BEGIN Given information

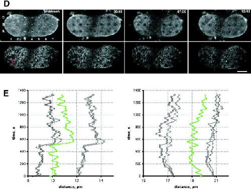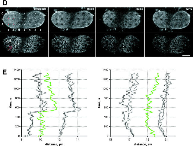 Figure 4. Tracking of NPC and lamina movement in interphase. (A) Time-lapse of a NRK cell expressing POM121-EGFP3 transiently. The lower nuclear surface was followed in a single confocal section every 2 s for a total of 30 min on a real-time confocal microscope. Sequence was averaged with a running window of five frames. Representative frames show numbered NPCs in a time window of ∼2 min used for tracking in B. Time, mm:ss. NPC movement is difficult to appreciate in still images; see Video 3 for the complete sequence. (B) Tracking of NPC movement. NPCs labeled #1–5 in A in a region of local NE movement are tracked together with two NPCs labeled C1 and C2 in A, which reside in an area of little movement and serve to illustrate global nuclear drift. Note the parallel and synchronous tracks of the NPCs. (C) Pattern FRAP of an NRK cell nucleus transiently expressing EGFP–Lamin B1. 33 1 × 0.5-μm regions were photobleached in the lower nuclear surface. Movement of landmarks was followed in single confocal sections every minute for 30 min (top row). Marks in the boxed area were used to track elastic deformations of the lamin lattice. Global cellular movement was corrected with two reference points. Relative position changes are shown in the bottom row as a network connecting the center of the bleach marks. Time, h:mm:ss; horizontal box length, 6 μm. (D) Pattern FRAP of a NRK nucleus transiently coexpressing POM121-YFP3 and ECFP–lamin B1. The outlined 21 0.9 × 0.6-μm regions were photobleached selectively in the lamina using a 413-nm Kr laser line. Movement of the lamina landmarks and the unbleached NPCs was then followed in single double-labeled confocal sections every 31 s for 30 min. Representative frames show distortion of nuclear shape by cell migration (note lamina folding at 07:56 and 12:40). Marks and NPCs used for tracking in E are red. Time, mm:ss. See Video 4 to better appreciate lamina elasticity. (E) Tracking of NPCs and lamina bleachmarks. Exemplary time-space tracks are shown for NPC #1 (green) and lamin grid marks A1–B2 (black) over 22 min in x, t and y, t plots. Global nuclear drift was normalized using to B5 and B7 marks. Note correlation between the x and y lamina and NPC movement. NPCs #2 and 3 and the surrounding marks behaved identically (not shown). Bars, 5 μm. Online supplemental material (Videos 3 and 4) is available at http://www.jcb.org/cgi/content/full/200101089/DC1.
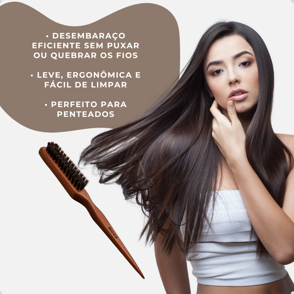 Escova Fina para Acabamento Vertix 248 A Escova Fina para Acabamento Vertix 248 é a aliada perfeita para quem busca precisão e acabamento profissional nos penteados. Ideal para alisar fios rebeldes, modelar topetes e definir coques ou penteados presos com acabamento impecável. Diferenciais e Benefícios: Cerdas Naturais: Possui cerdas firmes que alinham os fios sem danificá-los, oferecendo controle e brilho natural ao cabelo. Formato Fino e Alongado: Facilita o manuseio e proporciona maior precisão em áreas pequenas ou próximas à raiz. Cabo em Madeira com Ponta Fina: Além de ergonômico, o cabo pontiagudo é excelente para separar mechas e criar divisões precisas durante o penteado. Acabamento Profissional: Ideal para uso tanto em casa quanto em salões, oferecendo resultado digno de cabeleireiro. Modo de Uso: Utilize a ponta fina do cabo para separar mechas com precisão. Com as cerdas, alise e modele os fios rebeldes, finalizando penteados com elegância e firmeza. Indicado para: todos os tipos de cabelo, especialmente em penteados presos, coques, tranças e finalizações que exigem alinhamento dos fios.
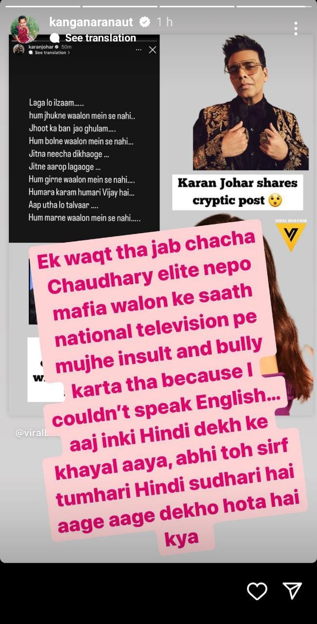 Bollywood filmmaker karan johar is constantly in the limelight these days. karan is called the king of nepotism in the industry. Many allegations have been leveled against karan in the last few days. At the same time, bollywood actress kangana ranaut also does not hold back from besieging him on any issue. The cold war between the two is not taking the name of ending. Last day, the filmmaker targeted kangana through a social media post without naming her. At the same time, now the bollywood queen has retaliated in a very interesting way on this post of hers.

END Given information

Exclude all pictures and return precisely the lines from the one containing "Escova Fina para Acabamento Vertix 248 A" through the closing line of the data.

 Escova Fina para Acabamento Vertix 248 A Escova Fina para Acabamento Vertix 248 é a aliada perfeita para quem busca precisão e acabamento profissional nos penteados. Ideal para alisar fios rebeldes, modelar topetes e definir coques ou penteados presos com acabamento impecável. Diferenciais e Benefícios: Cerdas Naturais: Possui cerdas firmes que alinham os fios sem danificá-los, oferecendo controle e brilho natural ao cabelo. Formato Fino e Alongado: Facilita o manuseio e proporciona maior precisão em áreas pequenas ou próximas à raiz. Cabo em Madeira com Ponta Fina: Além de ergonômico, o cabo pontiagudo é excelente para separar mechas e criar divisões precisas durante o penteado. Acabamento Profissional: Ideal para uso tanto em casa quanto em salões, oferecendo resultado digno de cabeleireiro. Modo de Uso: Utilize a ponta fina do cabo para separar mechas com precisão. Com as cerdas, alise e modele os fios rebeldes, finalizando penteados com elegância e firmeza. Indicado para: todos os tipos de cabelo, especialmente em penteados presos, coques, tranças e finalizações que exigem alinhamento dos fios.
 Bollywood filmmaker karan johar is constantly in the limelight these days. karan is called the king of nepotism in the industry. Many allegations have been leveled against karan in the last few days. At the same time, bollywood actress kangana ranaut also does not hold back from besieging him on any issue. The cold war between the two is not taking the name of ending. Last day, the filmmaker targeted kangana through a social media post without naming her. At the same time, now the bollywood queen has retaliated in a very interesting way on this post of hers.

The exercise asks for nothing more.